As well as letting you see a number of the eco gadgets we’ve recently highlighted, the Gadget Show on channel 5 last night reported from an incredible company called Festo. Ordinarily, they produce manufacturing machinery used in factories and on production lines around the world. However, they also have a certain penchant for creating robots that mimic natural movement.
The Bionic Learning Network showcases some of the finest looking robots conceived. The Aqua Jelly, a robotic and intelligent jellyfish, is perhaps the most impressive of them all. The Air Jelly is a similar design but is a remote controlled flying version. Airic’s Arm is a complex mimic of a human arm using 30 muscles to mirror human movements.
The Aqua Ray pictured here is an incredibly lifelike manta ray that looks and moves alarmingly like the real thing. Again, Festo has created a helium filled version that is remote controlled and uses the same drive principles but in a completely different environment.

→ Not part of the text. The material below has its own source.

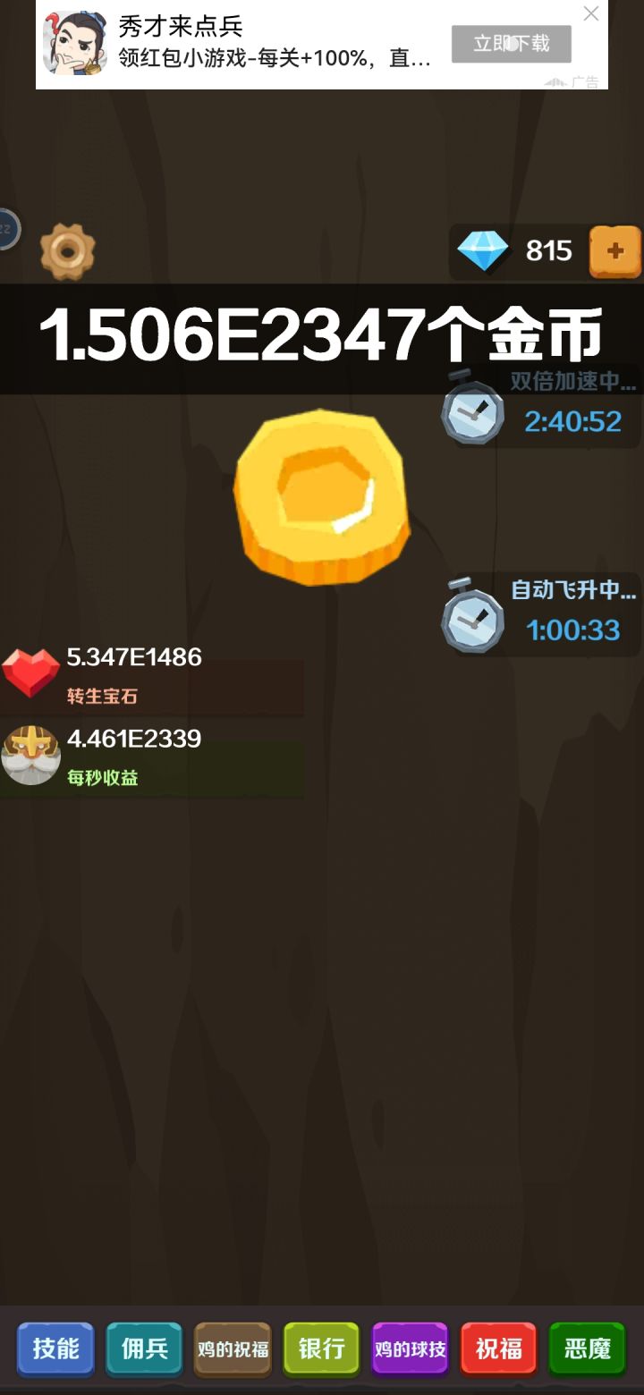 想看广告收益X2,自动飞升完全没反应。

The robots that Festo makes aren’t designed simply to look good, though look good they most certainly do. By considering natural movement, Festo hopes to improve the methods used to drive automated robots but it also hopes to improve the symbiotic relationship in production machines. Again, we turn to the Aqua Jelly, which uses numerous sensors to determine the direction it needs to move to avoid others.
Clearly, the Aqua Jelly isn’t likely to have a genuine place in production, but future robots and manufacturing machines could well use many of the innovations led by Festo’s Bionic Learning Network and it would look in an aquarium in a particularly futuristic Take Away.